- **What is being asked**
Repeat exactly the lines of the material below that run from the "Black Field Remnants" line to the "店内は、和の情緒が漂う心地よ" line, including both, and do not carry over any pictures.

- **Task inputs**

◆ ◆ ◆ ◆ ◆

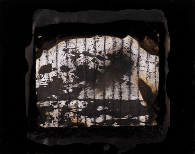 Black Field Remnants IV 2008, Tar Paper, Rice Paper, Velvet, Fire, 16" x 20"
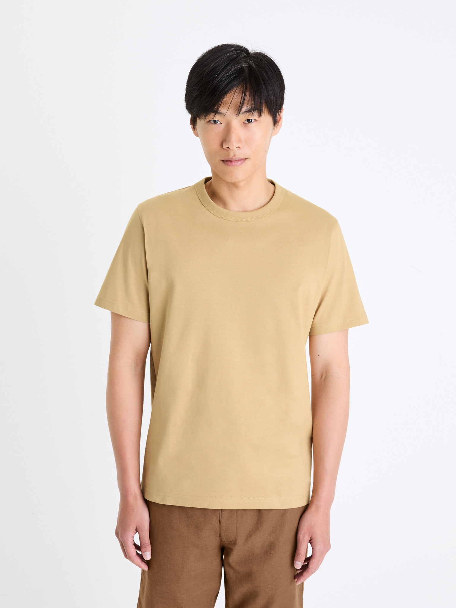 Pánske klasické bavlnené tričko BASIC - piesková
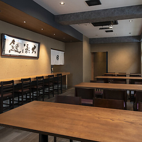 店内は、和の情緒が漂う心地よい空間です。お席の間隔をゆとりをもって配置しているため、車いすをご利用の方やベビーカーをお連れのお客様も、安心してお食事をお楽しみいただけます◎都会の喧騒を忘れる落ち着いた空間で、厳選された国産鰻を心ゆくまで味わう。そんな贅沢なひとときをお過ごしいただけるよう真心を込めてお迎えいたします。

◆ ◆ ◆ ◆ ◆

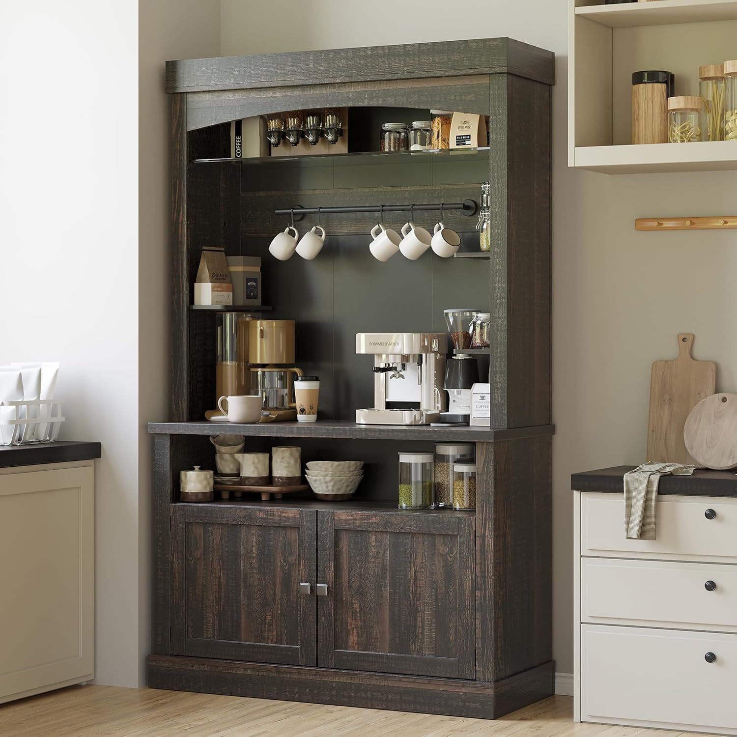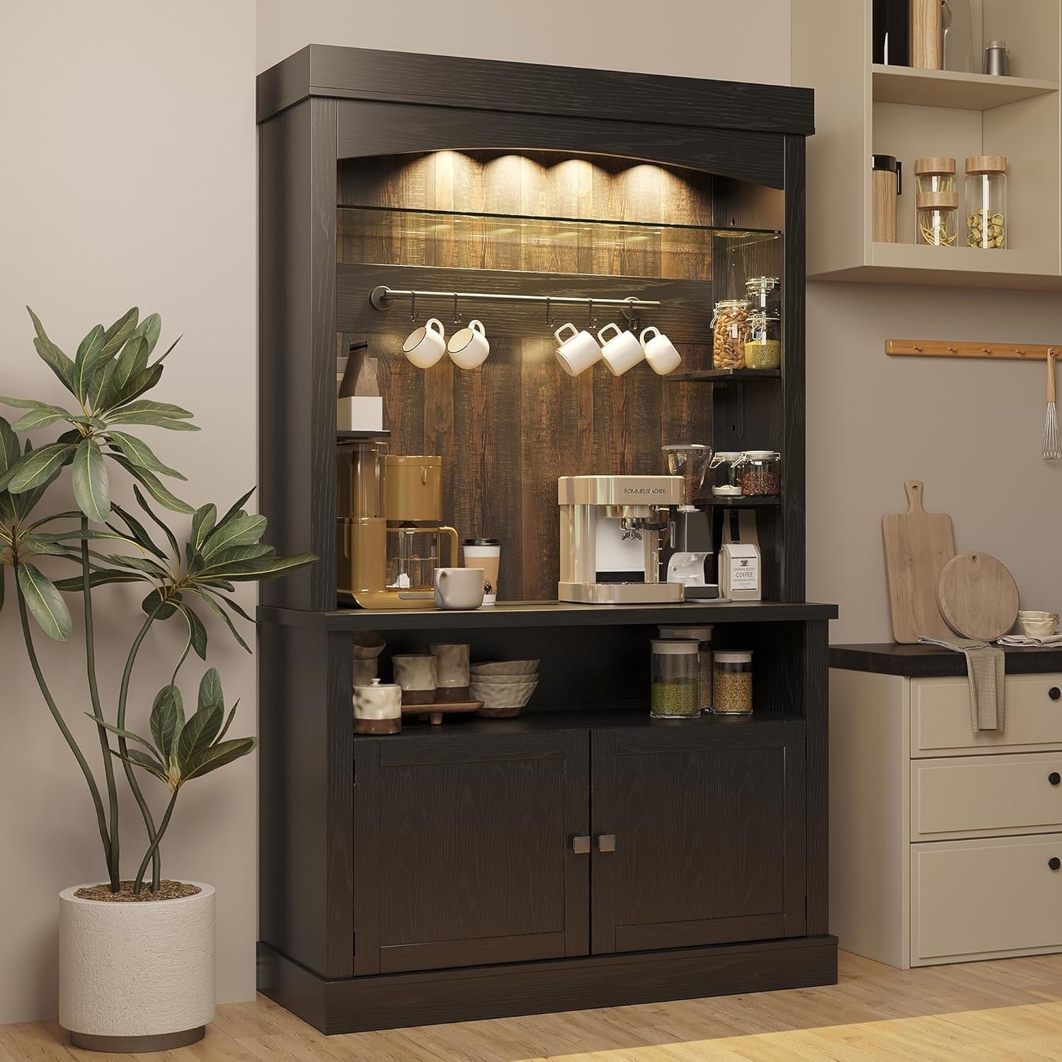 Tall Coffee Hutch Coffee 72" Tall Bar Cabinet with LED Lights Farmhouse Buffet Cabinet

◆ ◆ ◆ ◆ ◆

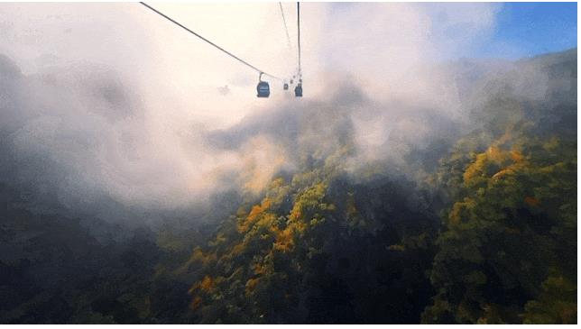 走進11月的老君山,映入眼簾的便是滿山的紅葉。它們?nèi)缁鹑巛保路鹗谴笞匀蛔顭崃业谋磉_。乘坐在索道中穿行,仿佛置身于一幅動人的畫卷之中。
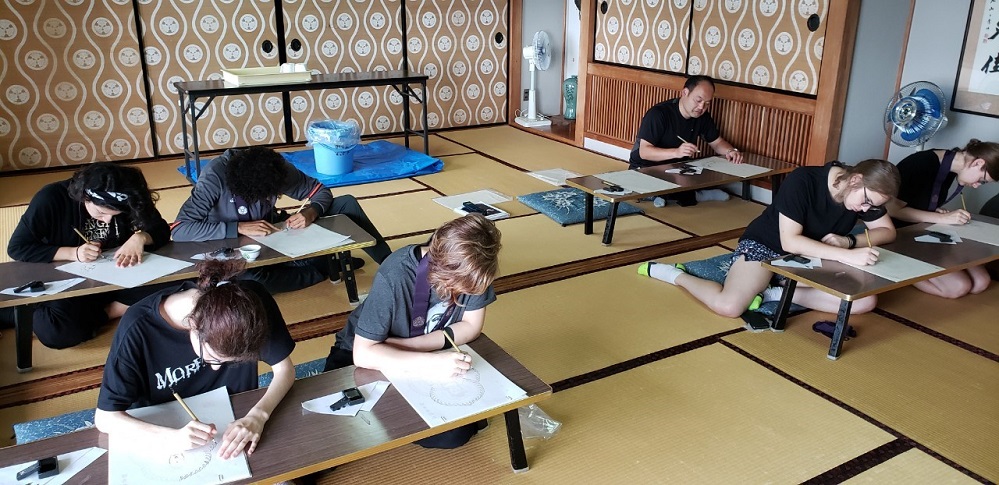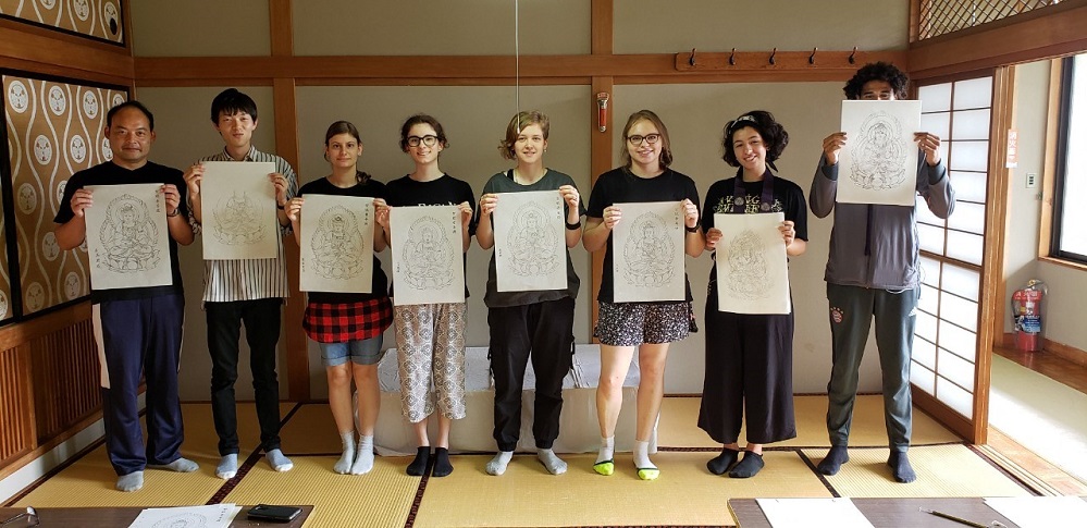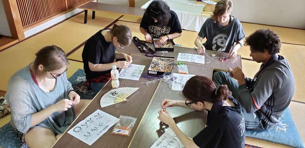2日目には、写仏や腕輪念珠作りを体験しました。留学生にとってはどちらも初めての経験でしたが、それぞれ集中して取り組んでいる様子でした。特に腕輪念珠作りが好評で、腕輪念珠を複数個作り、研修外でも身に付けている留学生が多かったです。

◆ ◆ ◆ ◆ ◆

- **Response area**
 Black Field Remnants IV 2008, Tar Paper, Rice Paper, Velvet, Fire, 16" x 20"
 Pánske klasické bavlnené tričko BASIC - piesková
 店内は、和の情緒が漂う心地よい空間です。お席の間隔をゆとりをもって配置しているため、車いすをご利用の方やベビーカーをお連れのお客様も、安心してお食事をお楽しみいただけます◎都会の喧騒を忘れる落ち着いた空間で、厳選された国産鰻を心ゆくまで味わう。そんな贅沢なひとときをお過ごしいただけるよう真心を込めてお迎えいたします。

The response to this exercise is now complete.